For a discussion of relevant workloads, please consult this document

Workload Use Case ISL ISV OSL OSV OSP Latency
Interactive Chat Chat agent Medium High Medium Medium Medium Per token
Classification of text Sentiment analysis Medium Short Low High Request
Classification of images Nudity filter Long Low Short Low High Request
Summarization / Information Retrieval Q&A from docs, RAG Long High Short Medium Medium Per token
Text generation Short High Long Medium Low Per token
Translation Medium High Medium Medium High Per token
Code completion Type ahead Long High Short Medium Medium Request
Code generation Adding a feature Long High Medium High Medium Request

Profiles

A list of pre-defined profiles, each specific to particular harness, can be found on subdirectories under workloads/profiles.

📦 workload
 ┣ 📂 profiles
 ┃ ┗ 📂 guidellm
 ┃ ┃ ┗ 📜 sanity_concurrent.yaml.in
 ┃ ┗ 📂 nop
 ┃ ┃ ┗ 📜 nop.yaml.in
 ┃ ┗ 📂 inference-perf
 ┃ ┃ ┣ 📜 sanity_random.yaml.in
 ┃ ┃ ┣ 📜 summarization_synthetic.yaml.in
 ┃ ┃ ┣ 📜 chatbot_sharegpt.yaml.in
 ┃ ┃ ┣ 📜 shared_prefix_synthetic.yaml.in
 ┃ ┃ ┣ 📜 chatbot_synthetic.yaml.in
 ┃ ┃ ┗ 📜 code_completion_synthetic.yaml.in
 ┃ ┗ 📂 vllm-benchmark
 ┃ ┃ ┣ 📜 sanity_random.yaml.in
 ┃ ┃ ┗ 📜 random_concurrent.yaml.in

What is shown here are the workload profile templates (hence, the yaml.in) and for each template, parameters which are specific for a particular standup are automatically replaced to generate a yaml. This rendered workload profile is then stored as a configmap on the target Kubernetes cluster. An illustrative example follows (inference-perf/sanity_random.yaml.in) :

load:
  type: constant
  stages:
  - rate: 1
    duration: 30
api:
  type: completion
  streaming: true
server:
  type: vllm
  model_name: REPLACE_ENV_LLMDBENCH_DEPLOY_CURRENT_MODEL
  base_url: REPLACE_ENV_LLMDBENCH_HARNESS_STACK_ENDPOINT_URL
  ignore_eos: true
tokenizer:
  pretrained_model_name_or_path: REPLACE_ENV_LLMDBENCH_DEPLOY_CURRENT_MODEL
data:
  type: random
  input_distribution:
    min: 10             # min length of the synthetic prompts
    max: 100            # max length of the synthetic prompts
    mean: 50            # mean length of the synthetic prompts
    std_dev: 10         # standard deviation of the length of the synthetic prompts
    total_count: 100    # total number of prompts to generate to fit the above mentioned distribution constraints
  output_distribution:
    min: 10             # min length of the output to be generated
    max: 100            # max length of the output to be generated
    mean: 50            # mean length of the output to be generated
    std_dev: 10         # standard deviation of the length of the output to be generated
    total_count: 100    # total number of output lengths to generate to fit the above mentioned distribution constraints
report:
  request_lifecycle:
    summary: true
    per_stage: true
    per_request: true
storage:
  local_storage:
    path: /workspace

Entries REPLACE_ENV_LLMDBENCH_DEPLOY_CURRENT_MODEL and REPLACE_ENV_LLMDBENCH_HARNESS_STACK_ENDPOINT_URL will be automatically replaced with the current value of the environment variables LLMDBENCH_DEPLOY_CURRENT_MODEL and LLMDBENCH_HARNESS_STACK_ENDPOINT_URL respectively.

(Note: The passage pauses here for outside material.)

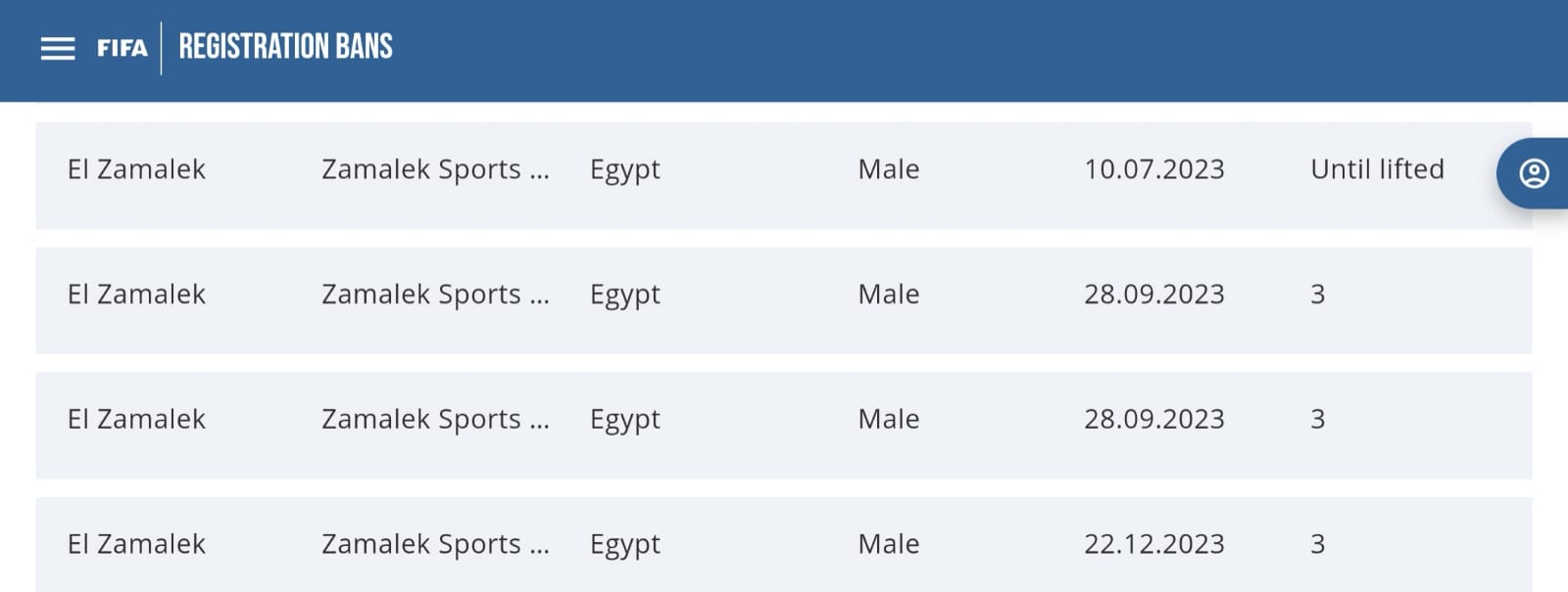 وبعد التحديث الأسبوعي للمنصة الخاصة بالقيد والتابعة لـ فيفا، ظهر استمرار إيقاف قيد الزمالك بسبب قضية واحدة بتاريخ 22-12-2023، والتي حُكم فيها بوقف القيد لمدة 3 فترات تسجيل.

In addition to that, any other parameter (on the workload profile) can be ovewritten by setting a list of <key>,<value> as the contents of environment variable LLMDBENCH_HARNESS_EXPERIMENT_PROFILE_OVERRIDES.

Finally, new workload profiles can manually crafted and placed under the correct directory. Once crafted, these can then be used by the run.sh executable.

Use

An invocation of run.sh without any parameters will result in using all the already defined default values (consult the table below).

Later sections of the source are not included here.